I am dynamically adding a SELECT element to a form, then submitting using JQuery Form Plugin for an ajax form submit. I want to (1) add the SELECT to the form, (2) place the SELECT inside a DIV and (3) submit the form using an ajax call properly. I can't seem to do all three!
<form name="mainForm" id="mainForm" method="POST" action="fellowRight.php">
...various working form elements
<div class="field_wrapper">
</div>
</form>
The code above is a snippet of a form in use. I then add some additional select elements dynamically as per below
$(addFormElementButton).click(function(){
var fieldHTML = '<select required name="ABC" ><option value="LT">Left</option><option selected value="RT">Right</option></select>';
$('.field_wrapper'); .append(fieldHTML); // Add field html
$('select[name=ABC]').appendTo('#mainForm');
}
The problem is that elements "appendto" the form, not the div ".field_wrapper" as intented (and therefore appear outside of the intended DIV). I can get it to format correctly if I omit the appendTo but then the select is no longer linked to the form.

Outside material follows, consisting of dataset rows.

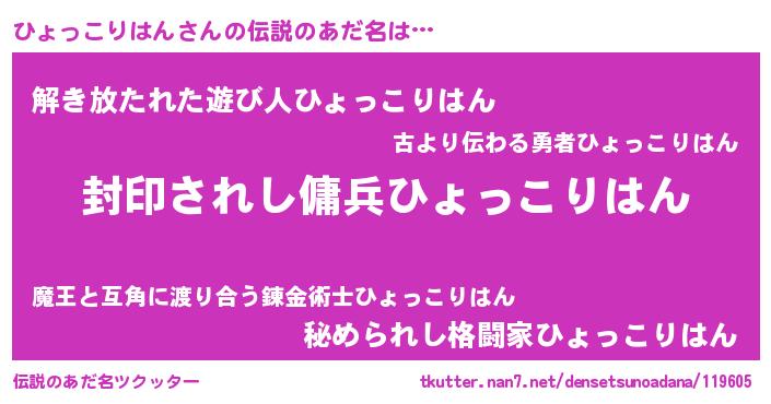 | ヒーロー風カッコイイあだ名 | 『スーパーヒョッコリハン』 |
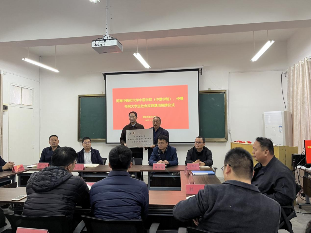 活动开始前,中西医科研党支部侯俊林代表学院向南天门村党支部书记程积松授予“河南中医药大学中医学院(仲景学院)、仲景书院大学生社会实践基地”匾牌。
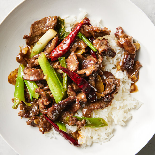 Heat 2 tablespoons of the oil in a wok or large (12-inch) well-seasoned cast-iron skillet over high heat. Once the oil is shimmering, add the beef in an even layer. (This might need to be done in 2 batches.) Do not touch the beef until the edges become slightly crispy and brown, 30 to 60 seconds. Using a wooden spoon or spatula, flip the beef and cook until the other side is brown, another 30 to 60 seconds. The beef should not be sticking to the wok or skillet; if it is, leave it alone for 20 to 30 seconds more. Transfer the beef to a medium bowl, trying your best to leave as much oil as possible in the wok. If cooking a second batch, repeat browning, adding another 1 tablespoon of oil if necessary.

If I omit the AppendTo code and instead I add a form="mainForm" call in the <select> element, it formats correctly and submits correctly. HOWEVER, then I get duplication of this specific SELECT element in my form data submitted via JQUERY FORM (.ajaxForm).
Is there a way to link the SELECT element to the form without using appendTo or form= or should I just forget about using Jquery Form
Just insert the
selectinside.field_wrapper, it's already inside the form.You may also want to cancel the click event on
addFormElementButton, because if it's abuttonit might be submitting the form automatically.